** Opening Supplied material block **
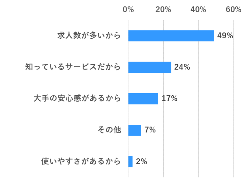 一番メジャーなものとして認識していました。転職関係のサービスならまずこれが思い浮かびました。そのくらい身近なものなので、信用しても安全かと想いました。知人に利用した者もいて、そちらから勧めも受けたから。全国広くをカバーしているので使用価値があると思ったから。(30代 男性) |
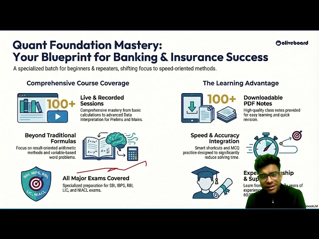 • Full Syllabus Mastery 100+ Live & Recorded Sessions covering everything from Basic Calculation to Advanced DI for all Banking & Insurance exams.
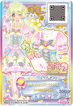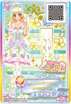 Flourish Sweet Coord (フローリッシュスイートコーデ) is a rare coord by the cute brand My Little Heart. It debuted in Part 5 of the Promotional Collection of the Data Carddass Aikatsu Stars! Wings of Stars series and did not appear in the anime. It shares its design with the Flourish Flower Coord.
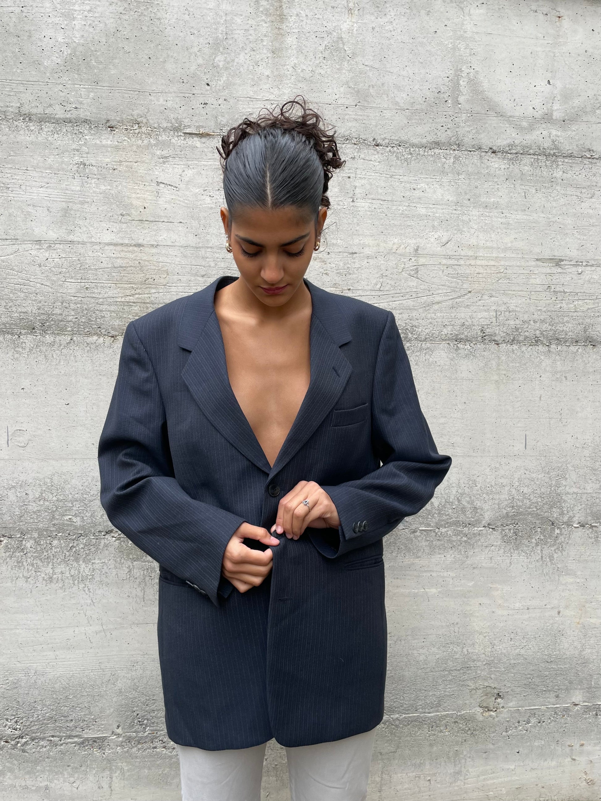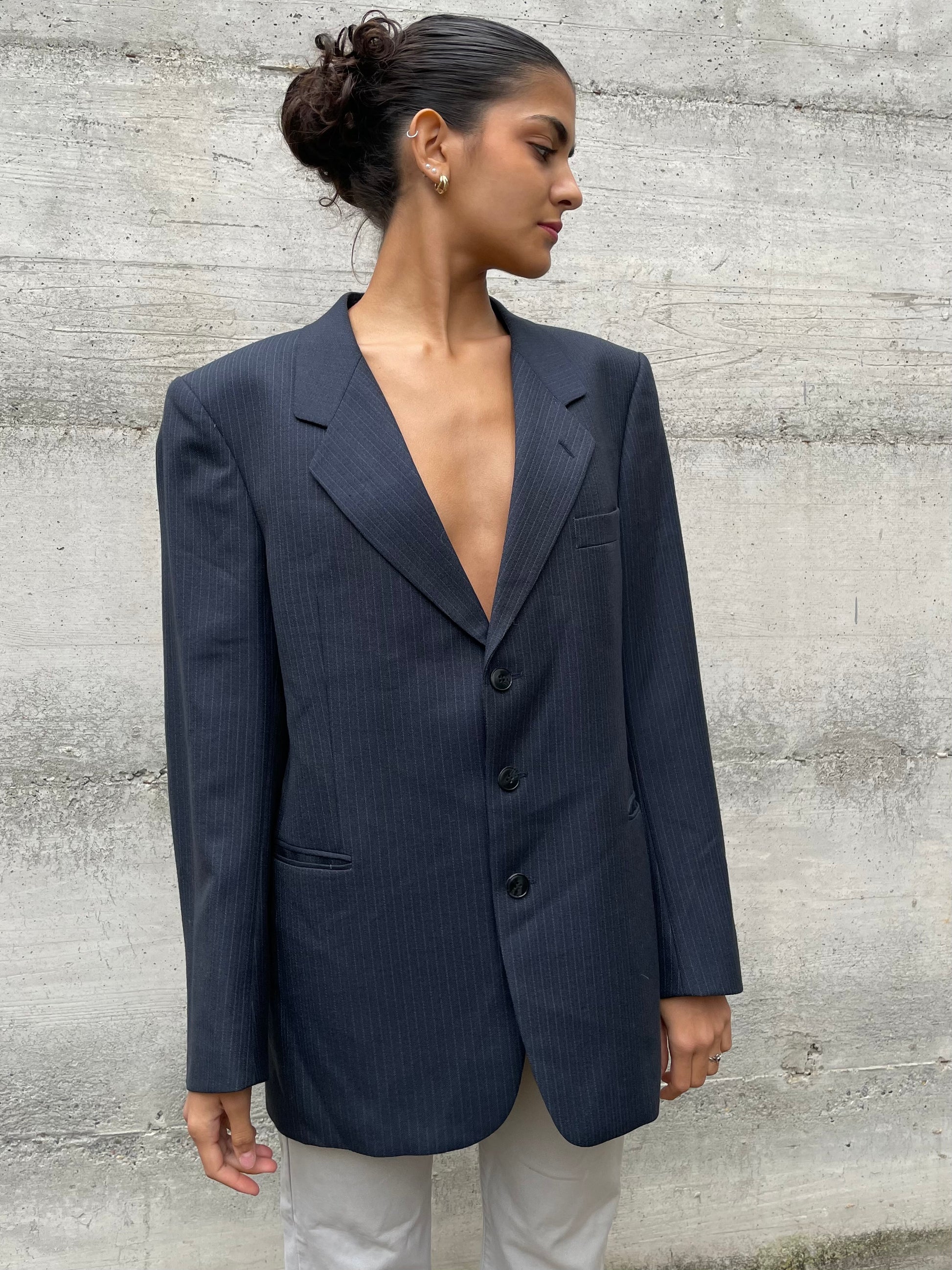 Blazer sartoriale blu navy gessato - taglia S uomo
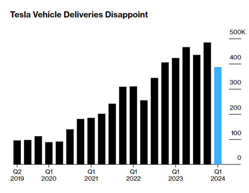 自新冠疫情以来,特斯拉公司销量首次出现同比下降。2024年前三个月交付了386810辆车。这远远低于分析师平均预期的449080辆交付量。这是自2022年第三季度以来的最低交付量,同比更是下滑8.5%
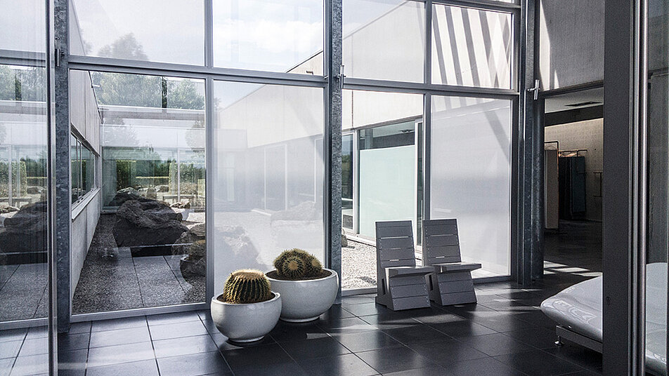 Die selbstklebende textile Fensterfolie Hafttextil SQUID®, auch Sichtschutzfolie genannt, schützt Ihre Innenräume vor neugierigen Blicken von draußen und lässt gleichzeitig Tageslicht in Ihre Räume. Egal ob Fensterflächen oder Glastüren, auch Ihre Glasflächen sind durch das Hafttextil SQUID® geschützt. Das Hafttextil hat einen ähnlichen Effekt wie eine Milchglasfolie oder ein Fenster aus Milchglas. Die individuell zugeschnittene, selbstklebende textile Fensterfolie eignet sich hervorragend für private Räume wie Badezimmer, Küche oder Schlafzimmer, aber auch für gewerbliche Räume. Die textile, lichtdurchlässige Sichtschutzfolie SQUID® gibt es in sechs stilvollen Farbnuancen von Weiß über Beige und Grau bis hin zu Schwarz. In der Farbe Chalk (weiß) lässt sich das Hafttextil sogar mit allen Motiven der Design-Collection, über 200 RAL-Farben sowie mit individuellen Mustern und Motiven bedrucken.
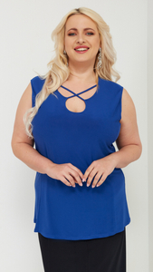 ( ilość produktów: 49 )Bluzka damska chabrowa elegancka bez rękawów ozdobny dekolt
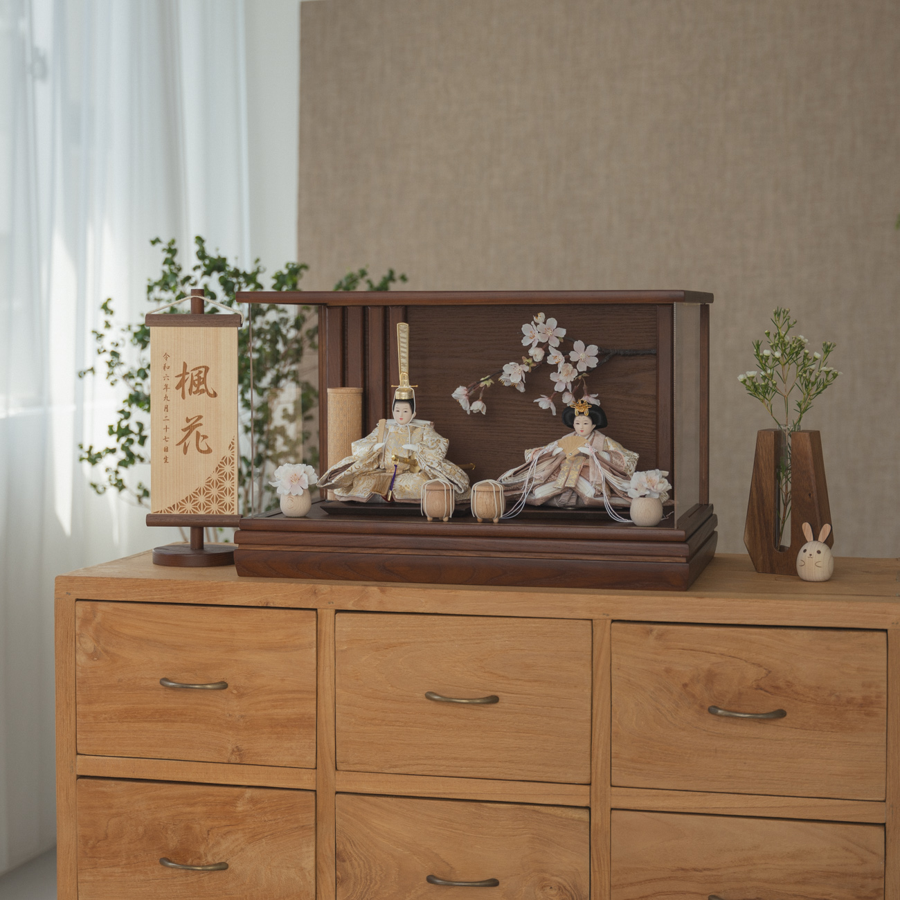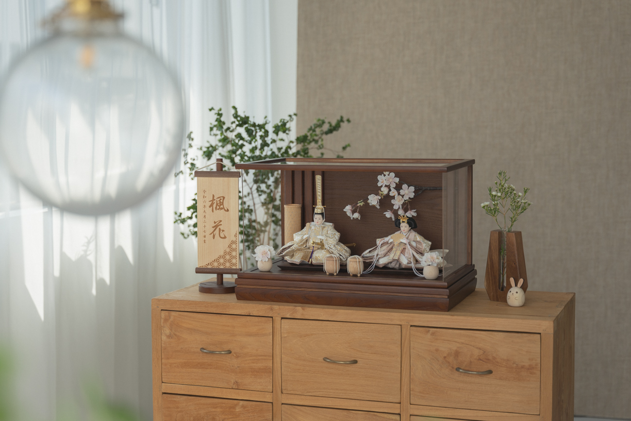 ケースでも手にとって欲しいこだわりのひな人形 伝統工芸の技術、裏側や後ろ側、内部の見えない箇所や素材にまでこだわり抜いたひな人形。道具も木のぬくもりを感じて頂くために無垢材を使用しております。
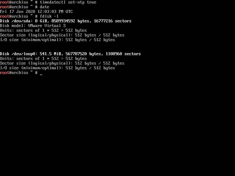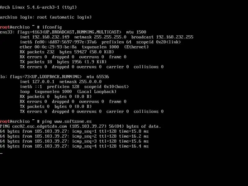 Après quelques secondes, nous pouvons voir un terminal racine. Avec la commande «ifconfig» nous pouvons vérifier qu’en effet, une IP a été assignée à notre Arch, et avec la commande «ping» nous vérifierons que nous avons une connexion Internet.
** Closing Supplied material block **
Restate every entry above word for word; no picture belongs in the copy.

 一番メジャーなものとして認識していました。転職関係のサービスならまずこれが思い浮かびました。そのくらい身近なものなので、信用しても安全かと想いました。知人に利用した者もいて、そちらから勧めも受けたから。全国広くをカバーしているので使用価値があると思ったから。(30代 男性) |
 • Full Syllabus Mastery 100+ Live & Recorded Sessions covering everything from Basic Calculation to Advanced DI for all Banking & Insurance exams.
 Flourish Sweet Coord (フローリッシュスイートコーデ) is a rare coord by the cute brand My Little Heart. It debuted in Part 5 of the Promotional Collection of the Data Carddass Aikatsu Stars! Wings of Stars series and did not appear in the anime. It shares its design with the Flourish Flower Coord.
 Blazer sartoriale blu navy gessato - taglia S uomo
 自新冠疫情以来,特斯拉公司销量首次出现同比下降。2024年前三个月交付了386810辆车。这远远低于分析师平均预期的449080辆交付量。这是自2022年第三季度以来的最低交付量,同比更是下滑8.5%
 Die selbstklebende textile Fensterfolie Hafttextil SQUID®, auch Sichtschutzfolie genannt, schützt Ihre Innenräume vor neugierigen Blicken von draußen und lässt gleichzeitig Tageslicht in Ihre Räume. Egal ob Fensterflächen oder Glastüren, auch Ihre Glasflächen sind durch das Hafttextil SQUID® geschützt. Das Hafttextil hat einen ähnlichen Effekt wie eine Milchglasfolie oder ein Fenster aus Milchglas. Die individuell zugeschnittene, selbstklebende textile Fensterfolie eignet sich hervorragend für private Räume wie Badezimmer, Küche oder Schlafzimmer, aber auch für gewerbliche Räume. Die textile, lichtdurchlässige Sichtschutzfolie SQUID® gibt es in sechs stilvollen Farbnuancen von Weiß über Beige und Grau bis hin zu Schwarz. In der Farbe Chalk (weiß) lässt sich das Hafttextil sogar mit allen Motiven der Design-Collection, über 200 RAL-Farben sowie mit individuellen Mustern und Motiven bedrucken.
 ( ilość produktów: 49 )Bluzka damska chabrowa elegancka bez rękawów ozdobny dekolt
 ケースでも手にとって欲しいこだわりのひな人形 伝統工芸の技術、裏側や後ろ側、内部の見えない箇所や素材にまでこだわり抜いたひな人形。道具も木のぬくもりを感じて頂くために無垢材を使用しております。
 Après quelques secondes, nous pouvons voir un terminal racine. Avec la commande «ifconfig» nous pouvons vérifier qu’en effet, une IP a été assignée à notre Arch, et avec la commande «ping» nous vérifierons que nous avons une connexion Internet.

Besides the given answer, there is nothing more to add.